Шесть Иванов – шесть капитанов — страница 8 из 13

И будильник перестал врать. Теперь студент Петя не бросает в будильник цветы, не топает ногами, не грозит разделать его под орех.

Шапка-храбрецовка

Дед Иван и его внук Ваня жили на пасеке, ухаживали за пчёлами. Дед Иван был совсем старый. Но его глаза смотрели зорко. А руки, хотя и вспухли жилы на них и пальцы плохо гнулись, делали всё так ловко, что ни одной пчеле он ни разу крыла не помял. Пчёлы знали пасечника, не кусали его. Наверное, они считали деда самой большой, самой трудолюбивой и самой умной пчелой.

Ваня тоже знал пчелиные повадки. И его пчёлы не трогали. Возвращаясь из деревни на пчельник, мальчик приносил деду поесть и рассказывал разные новости.

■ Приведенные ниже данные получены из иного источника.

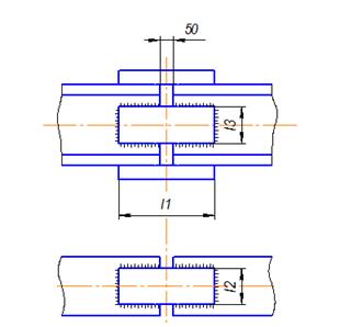 где l3= 400 мм , l2 = 160 мм – ширины боковой и верхней накладок; приняты из габаритов двутавра и условия беспрепятственного доступа и проведения сварки.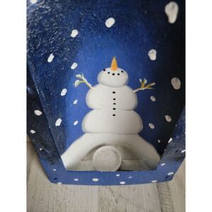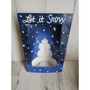 Unique metal tea light Let It Snow snowman candle holder Xmas decor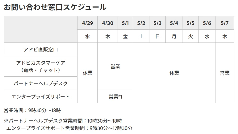 2026年ゴールデンウィーク期間のサポート窓口について | アドビ

Каждый раз Ваня рассказывал хорошие новости: жизнь кругом была хорошая. Но однажды пришёл он с тревожной вестью. В далёкой стране, где тёплое море с голубой водой, где горы зелёные от подножий до вершин, фашисты решили казнить человека, у которого очень доброе сердце. Мстили ему фашисты за то, что он сражался с ними во время войны. Тогда не удалось поймать его. Схватили они его теперь. Доброму человеку – а звали его Ко́стас – оставалось жить всего две недели.

Дед Иван и внук опечалились. Только пчёлы ничего не понимали: как светлые капли они исчезали в прозрачном воздухе над лугами и возвращались с тяжёлыми сладкими ношами.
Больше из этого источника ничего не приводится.